Vokark Vokark
215
BLOG

Biurokracja- czyli klękaj i płacz.

Vokark Vokark Gospodarka Obserwuj notkę 0

W Polsce dość powszechnie panuje przekonanie, że urzędnik i państwo w ogóle jest wielką zawalidrogą i tylko szuka okazji, żeby obywatelowi życie utrudnić. Im bardziej ten obywatel aktywny i przedsiębiorczy tym gorzej dla niego! Na nic się zdadzą szkolenia z zakresu kultury osobistej, jeśli ciągle poruszamy się w gąszczu czasami koszmarnie głupich przepisów. Zwykle jednak malkontenci marudzą na biurokracje, stawiając tezy ogólne i kończy się na walce z wiatrakami, no bo jak z oną biurokracją walczyć. No to kilka przykładów niezrozumiałych(może ktoś mądrzejszy wskaże po co przepisy istnieją w takiej, a nie innej formie- ja nie widzę sensu) przepisów, które ustawiają państwo w roli opresora wręcz no i proste recepty jak chociażby te kwestie poprawić:

-prowadzący działalność gospodarczą, przechodząc na urlop chorobowy, musi comiesięcznie opłacać za siebie składkę zdrowotną, w przeciwnym wypadku traci prawo do zasiłku chorobowego.

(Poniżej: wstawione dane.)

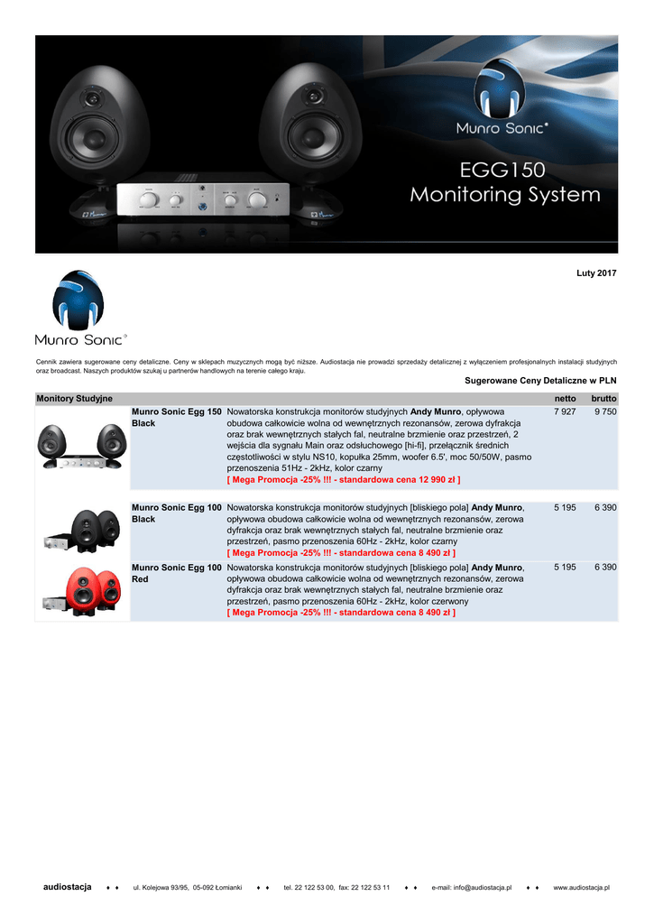 Luty 2017 Cennik zawiera sugerowane ceny detaliczne. Ceny w sklepach muzycznych mogą być niższe. Audiostacja nie prowadzi sprzedaży detalicznej z wyłączeniem profesjonalnych instalacji studyjnych oraz broadcast. Naszych produktów szukaj u partnerów handlowych na terenie całego kraju. Sugerowane Ceny Detaliczne w PLN Monitory Studyjne audiostacja ♦ ♦ netto brutto Munro Sonic Egg 150 Nowatorska konstrukcja monitorów studyjnych Andy Munro, opływowa obudowa całkowicie wolna od wewnętrznych rezonansów, zerowa dyfrakcja Black oraz brak wewnętrznych stałych fal, neutralne brzmienie oraz przestrzeń, 2 wejścia dla sygnału Main oraz odsłuchowego [hi-fi], przełącznik średnich częstotliwości w stylu NS10, kopułka 25mm, woofer 6.5', moc 50/50W, pasmo przenoszenia 51Hz - 2kHz, kolor czarny [ Mega Promocja -25% !!! - standardowa cena 12 990 zł ] 7 927 9 750 Munro Sonic Egg 100 Nowatorska konstrukcja monitorów studyjnych [bliskiego pola] Andy Munro, opływowa obudowa całkowicie wolna od wewnętrznych rezonansów, zerowa Black dyfrakcja oraz brak wewnętrznych stałych fal, neutralne brzmienie oraz przestrzeń, pasmo przenoszenia 60Hz - 2kHz, kolor czarny [ Mega Promocja -25% !!! - standardowa cena 8 490 zł ] 5 195 6 390 Munro Sonic Egg 100 Nowatorska konstrukcja monitorów studyjnych [bliskiego pola] Andy Munro, opływowa obudowa całkowicie wolna od wewnętrznych rezonansów, zerowa Red dyfrakcja oraz brak wewnętrznych stałych fal, neutralne brzmienie oraz przestrzeń, pasmo przenoszenia 60Hz - 2kHz, kolor czerwony [ Mega Promocja -25% !!! - standardowa cena 8 490 zł ] 5 195 6 390 ul. Kolejowa 93/95, 05-092 Łomianki ♦ ♦ tel. 22 122 53 00, fax: 22 122 53 11 ♦ ♦ e-mail: [email protected] ♦ ♦ www.audiostacja.pl
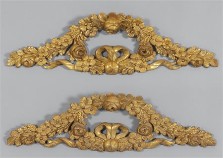 Coppia di grandi fregi in legno intagliato e dorato inizi sec.XIX
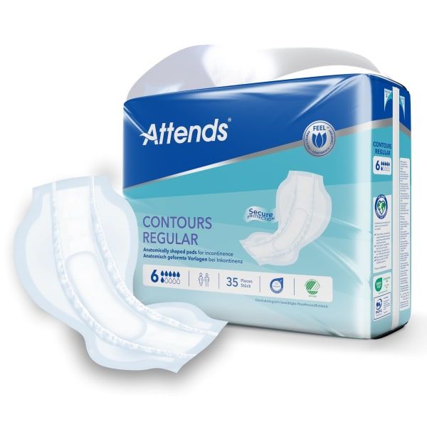 - Attends Contours Regular er en kroppsformet bleie for tung inkontinens.
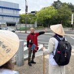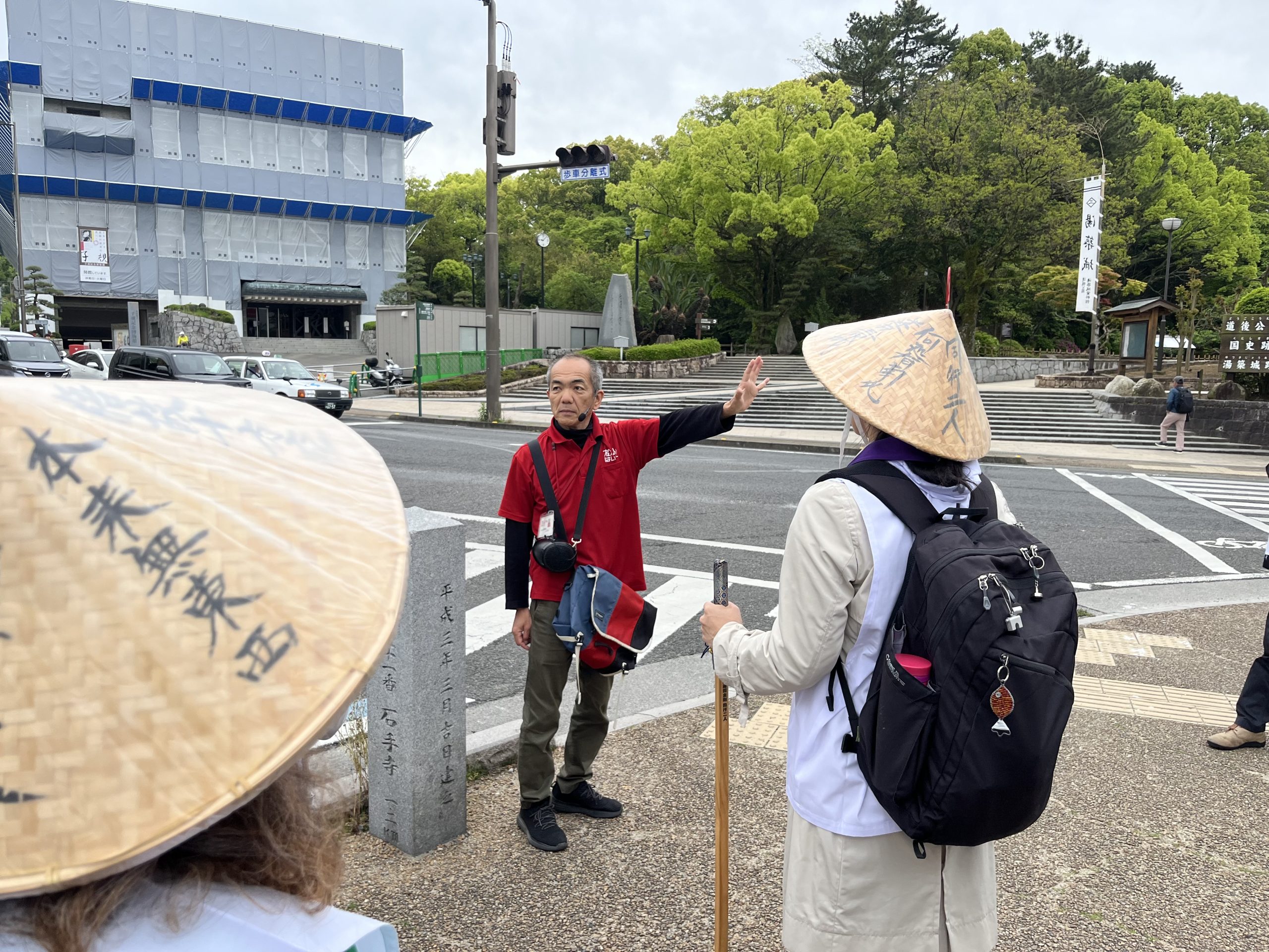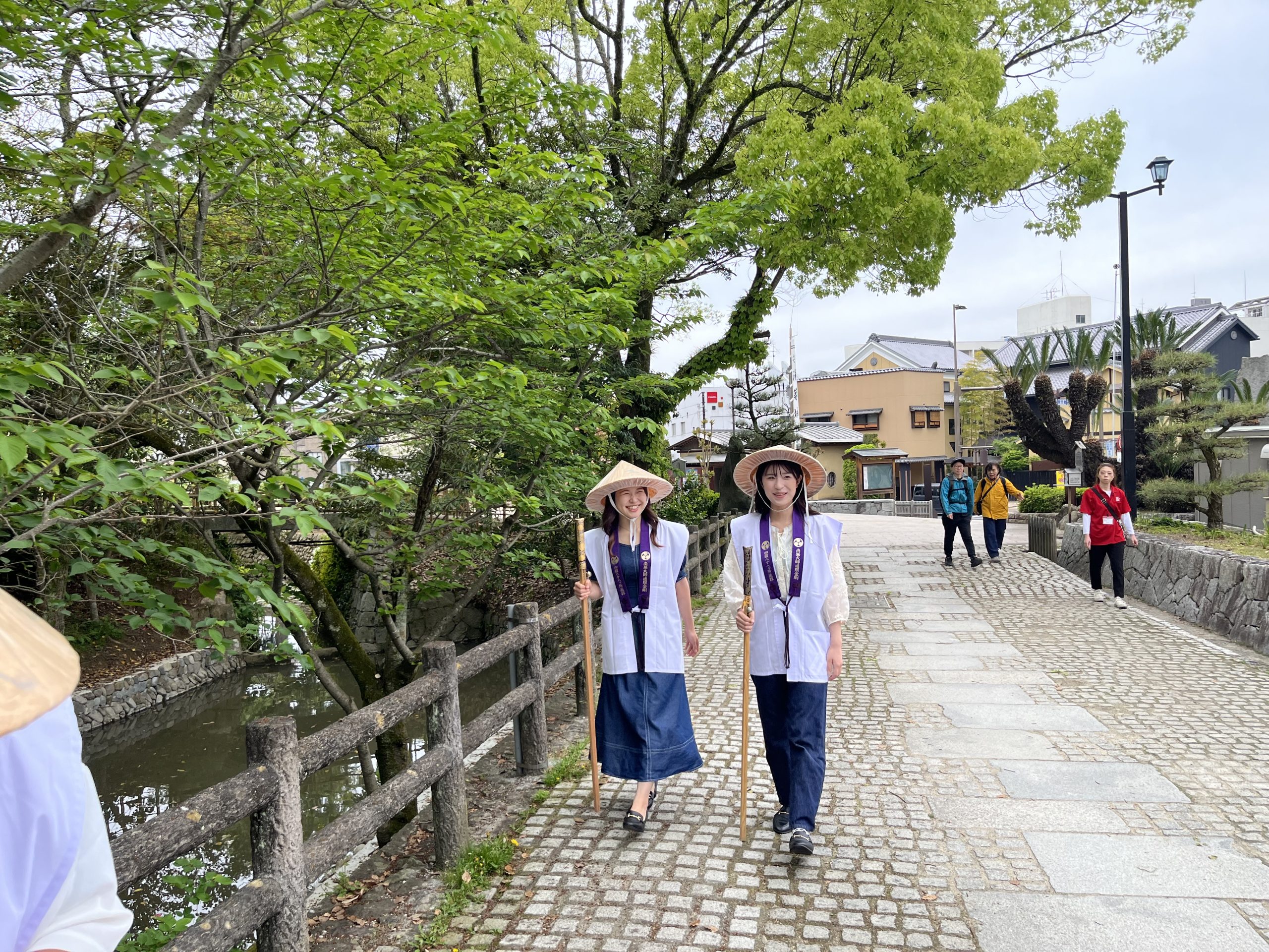 午前9時、道後温泉駅近くの「松山はいく」で遍路装束4点をレンタル(菅笠、金剛杖、袖なし白衣、輪袈裟)

-teraz jest o tyle łatwiej, że przynajmniej w teorii można to zrobić z domu, korzystając z systemów ePUAP, ePłatnik i przelewów internetowych W praktyce, systemy nie są jeszcze doskonałe, mają awarię, a dla osób zwłaszcza starszej generacji wymaga to sporego zachodu, trzeba podpiąć jeden program pod drugi, wygenerować rozliczenie składek, dokonać przelewu za pomoca konta online.

-zamiast gonić chorą osobę(podczas kontroli ZUSu, nawet jeśli nie musisz leżeć, nie wolno Ci w praktyce nigdzie wychodzić poza lekarzem, apteką i jeśli żyjesz sam po jedzenie, a i wtedy musisz to udokumentować, a na całość masz 3 dni) wystarczyłoby z zasiłku chorobowego automatycznie potrącać składkę zdrowotną, która i tak jest niepodzielna i nie można uzyskać części jej zwrotu...Z jednej strony ZUS zakłada, że naprawdę ciężko chorujesz, z drugiej masz być na tyle zdrowy, żeby szorować do ich oddziału.

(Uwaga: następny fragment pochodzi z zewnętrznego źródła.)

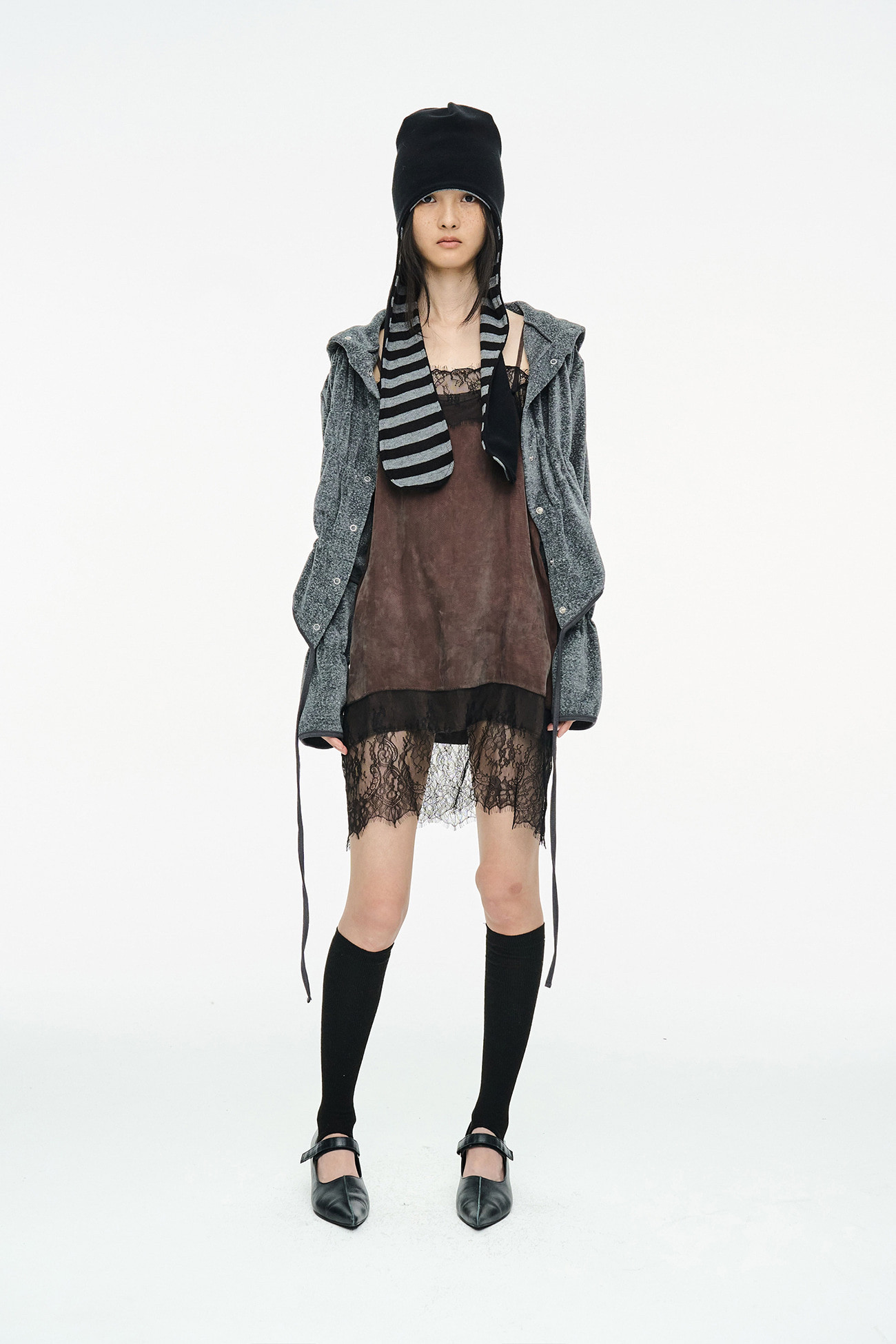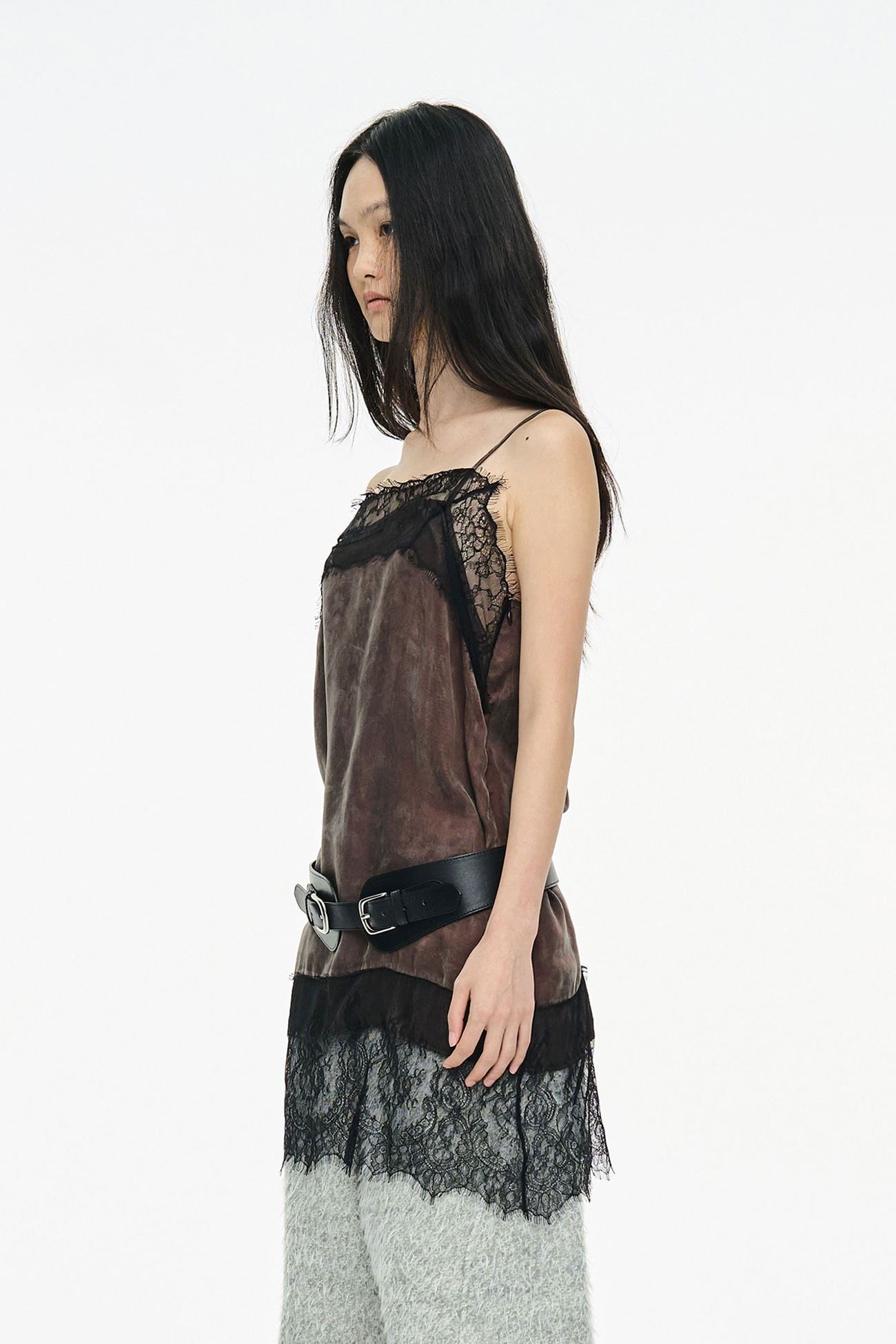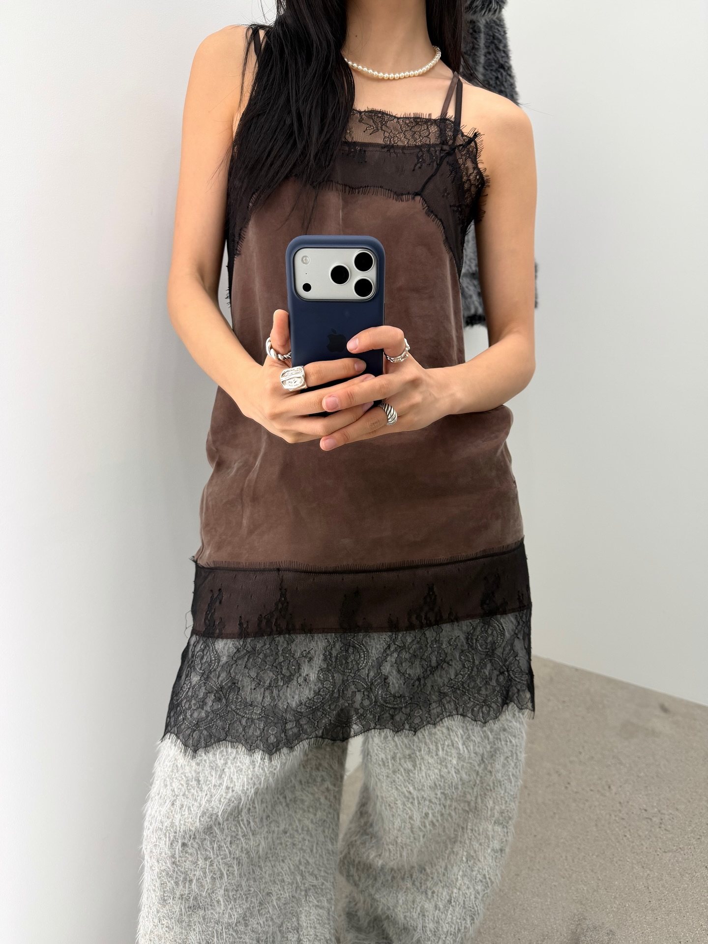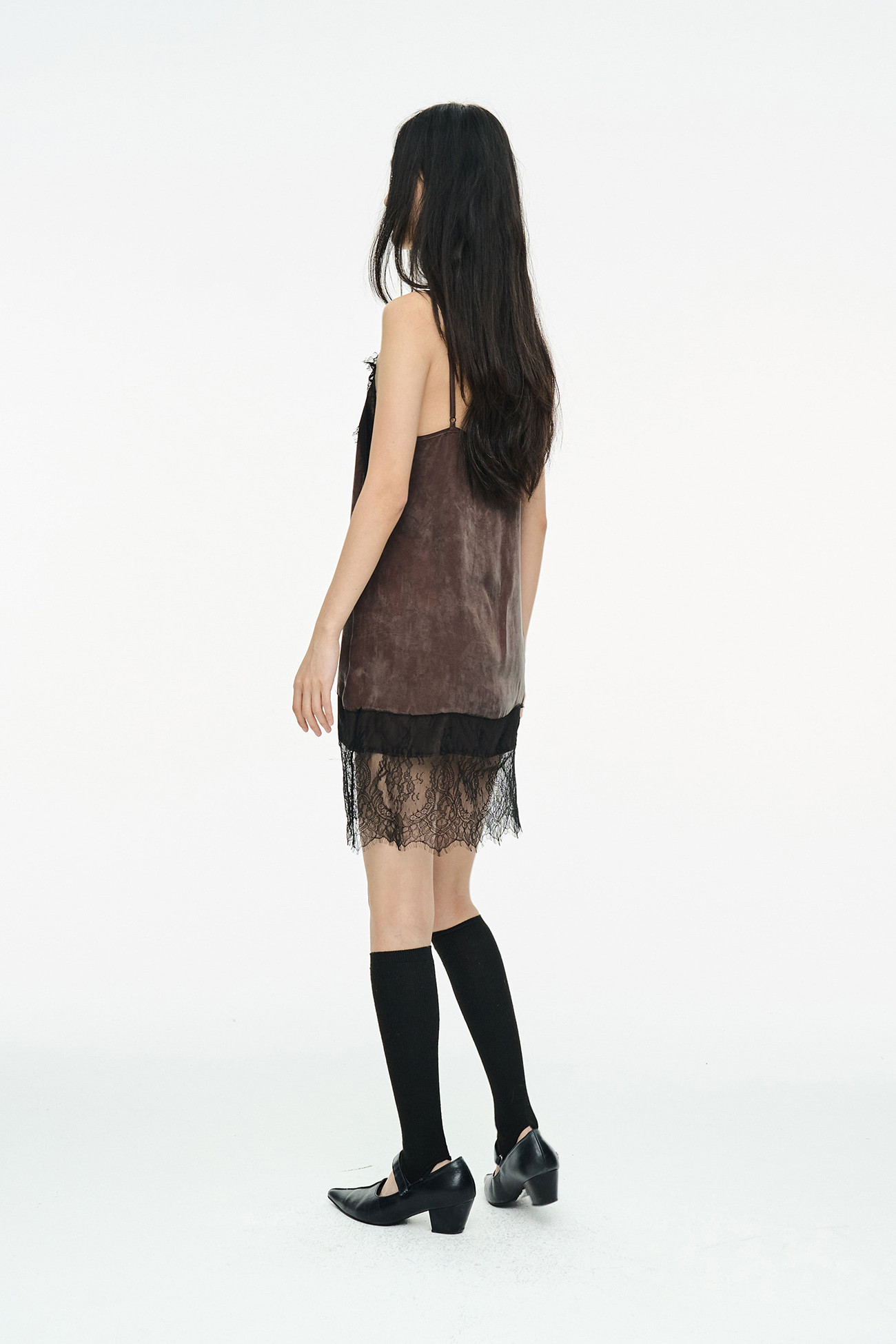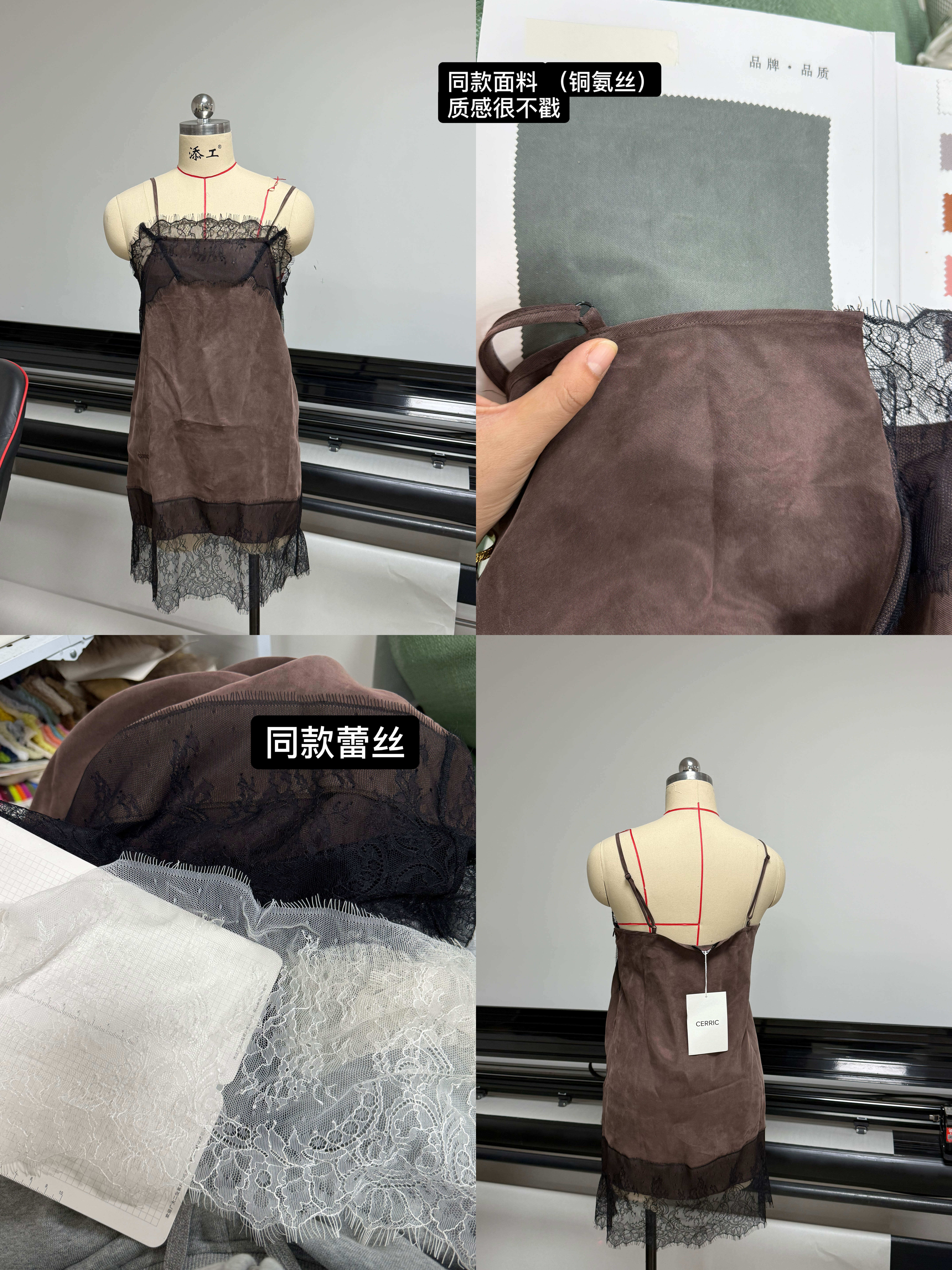 Cerric Same Style Korean Niche Design 25 Autumn/Winter New Lace Nightgown Style Spaghetti Strap Dress Short Skirt

-ciekawostka- masz 7 dni na dostarczenie zwolnienia, później chorobowy maleje błyskawicznie bo o 25% bodaj co tydzień(mówię z pamięci), natomiast ZUS ma 30 dni w przypadku pracownika, bo jeśli chodzi o osobę prowadzącą działalność to wszystko może się rozciągnąć na znacznie dłuższy okres czasu, a jeśli się spóźni mimo wszystko, to wypłaca ustawowe odsetki.

- czy ZUS wypłacił odsetki, to też nie jest taka prosta sprawa- dostajesz przelew na konto, ale nie dostajesz pisma z ZUSu jak oni wyliczyli wysokość Twojego zasiłku i czy doliczyli do niego odsetki. Obliczenie sobie tego na własną rękę nie jest wcale tak proste, wszystko zależy jakie płaci się składki, przez jaki okres, potem jeszcze potrącane są jakieś podatki itd. itp. 

-ponadto jeśli nie otrzymujesz zasiłku w terminie, to ZUS mógł sobie np. wstrzymać jego wypłatę, żeby przeprowadzić kontrolę. Wcale nie ma obowiązku informowania Ciebie o tym, można sobie tam oczywiście zadzwonić i być może dowiedzieć jakie są powody niewypłacenia zasiłku. Oczywiście wszystkim tym zajmuje się osoba ciężko chora.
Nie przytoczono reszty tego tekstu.